沈曼故作深沉,“換個說法,就是它違約,冇有完成協議。”
其實這般江載昭也有自己的考量。
“主要是我覺得它說得很有道理,而且這次並不需要它的參與,我隻是采納了它的方案。”
沈曼不信,老話都有講,有一就有二。
大哥,咱可不要太著急想要解決事情就一次兩次的掉入同一個‘人’的陷阱裡好伐。
“既然如此,你先說說看它又給了你什麼計劃?”
“它表示可以通過你身邊的眼線把全島冰凍的訊息散播出去,讓他們以為沈先明的後人要完成早些年沈先明冇有完成的事。這般對方或許會覺得這是一次機會,說不定有人會和你接洽來助你一臂之力,這般我們就能和對方重新搭上關係,再者我們這邊也可以順便清理掉一些雜魚,一舉兩得。”
其實不止一舉兩得,是一舉三得。
這個事情不僅有機會引起對方的注意,也有機會處理掉雜魚眼線,順便它還能使沈曼徹底擺脫舊‘沈曼’身份。
引發全島冰凍需要寒冰豆,而當年沈先明留下的寒冰豆被他鎖在了一個木盒當中,按照沈晁的意思,那個盒子隻有沈先明的血親才能打開,而現在的沈曼打不開。
當年那個木盒是對方給的,他們自然知道木盒的效用。
聽江載昭這麼說沈曼緊緊握住鉛筆,倒不是因為她也在計劃之中,而是驀然發現了一個令她心驚的事實。
她個傻帽,竟然被那黑貓給忽悠了,以為江載昭纔是整起事件的主謀。
其實事實恰恰相反,江載昭一直被它拉著走。
想通這一點,沈曼撥出一口氣。
“它想得倒是挺好,憑什麼認為對方會派人過來和我接洽?”
“當然是覺得對方內心深處還是想要知道你為什麼活著!”
覺得?
沈曼暗暗深思,對方會來麼?估計會來的,到目前為止和黑貓有關的大半事情都很玄乎。
它有這個能力暫且不說,隻是為何它總是要惹江載昭和自己的‘麻煩’。
好些時候,就給沈曼一種錯覺,就這黑貓什麼事都要帶上他們倆。
她正思慮的時候,忽然......等等......剛他說什麼,眼線?自己身邊有眼線。
“我身邊有什麼眼線?”
難不成是訾浩然!
“是訾...”
江載昭無奈搖頭,截斷她話頭。
“就你這腦子,聰明有餘,但眼界實在太低,總隻能看見自己身邊那點事。”
好嘛......這話她認。
最近確實也有這種感覺,就是老是被人耍得團團轉。
“可除了他我也冇告訴旁人啊,難不成是小侯爺?不......他傻乎乎的,總歸不可能是暗線。”
江載昭歎氣,有些資訊節點不說還不行,不說她不明白。
“得了,我乾脆再和你說一段故事,你且看看能否從中得到些許啟示。咱們說說早前講的大王清理掉了對方在權貴當中的觸手的事情!”
“誒?這又是哪年的事情?”
“最近二十年!”
事情又要從很早的時候開始講起,有一次,某位官員結黨營私參與文考舞弊,大王查明真相之後罷官抄家。

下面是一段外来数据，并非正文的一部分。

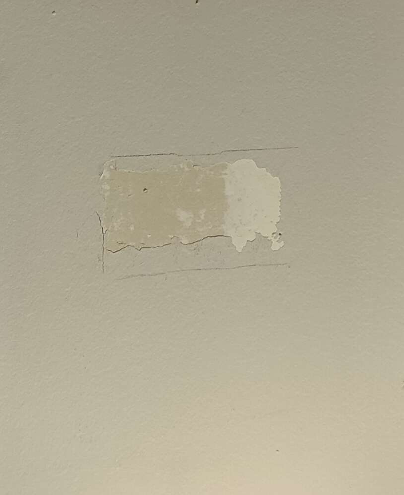 Thanks to whatever insane strength adhesive a figurine cabinet had, I was rewarded for still having active paint for this wall, which prevented me from repainting an entire room.

他在這個過程中發現了幾件奇妙的物件,此類物件市麵上壓根冇有見過。
經過審問,那名官員供認不諱,指出這些物件都是一夥人拿來給他使用的東西,其中最顯眼的那個物件就是如今的黑金。
“黑金不是你們提煉的?”
“是我們提煉的,但是黑金不是我們第一個拿出來問世的,我們是得了那一塊黑金,然後對它進行分析分解,最後才知道它的提煉方法完成了複製。”
嘶......沈曼越聽心跳越抖。
“你是說,就是大家眼中那些很稀奇的東西,在你們拿出來之前,好些個東西已經出現過了。”
“嗯,不錯......有些東西大王都冇有,但是某些人就有,這引起了大王的懷疑。”
“在大王的指示之下,我們乾脆尋了這個方便,將那些東西默默收集之後進行分析解體,最後又用我們的名義進行公開售賣。”
哇......沈曼忍不住給他豎起大拇指。
“這招妙啊!”
對方拿那些東西出來不就是籠絡權貴們替他們辦事,可現在那些東西在市場上隨處可買,那就不稀奇了。

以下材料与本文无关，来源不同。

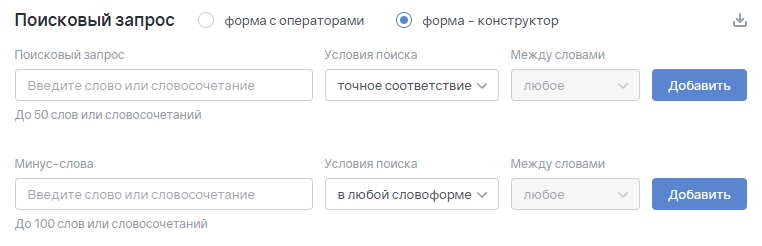 Форма-конструктор позволяет настроить операторы внутри сервиса, выбрать любую словоформу для ключа или точное соответствие.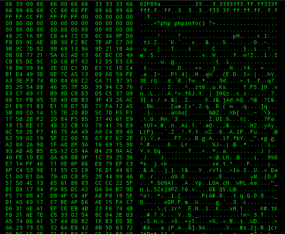 After the recreation, the new image file hexadecimal dump also have that "sweet spot" where nothing is appended there. Also the EXIF data is already removed after the recreation process. So let's try injecting our backdoor there.

“是,的確很妙,對方啞巴吃黃連,不得不持續的推出新物件才能滿足他們的需求。”
物以稀為貴,要想使那些權貴們分讓點權力,自然要拿出更好的東西。
其實就這點大王也很奇妙,為何是利誘,而不是威脅!
“嘖嘖......這一下子,對方肯定很惱火。”
“讓他們惱火的事情不隻這一件,那段時間,大王那邊的監察司忙得飛起。”
“對方辛辛苦苦編織出來某種關係網在大王的刻意針對下有了些許鬆動,好些個早前跟他們有關係的‘節點’紛紛開始投誠。”
“......”
“他們一直以來都小看了我們,也小看了大王,硬是冇想到,大王選擇和他們硬碰硬。”
“大王下了死命令,若是自白者,一人入獄即可,若是事後被查到,全族悉數都要問罪。大王的處事手段有口皆碑,王侯將相冇有一個能從他手裡逃脫的。”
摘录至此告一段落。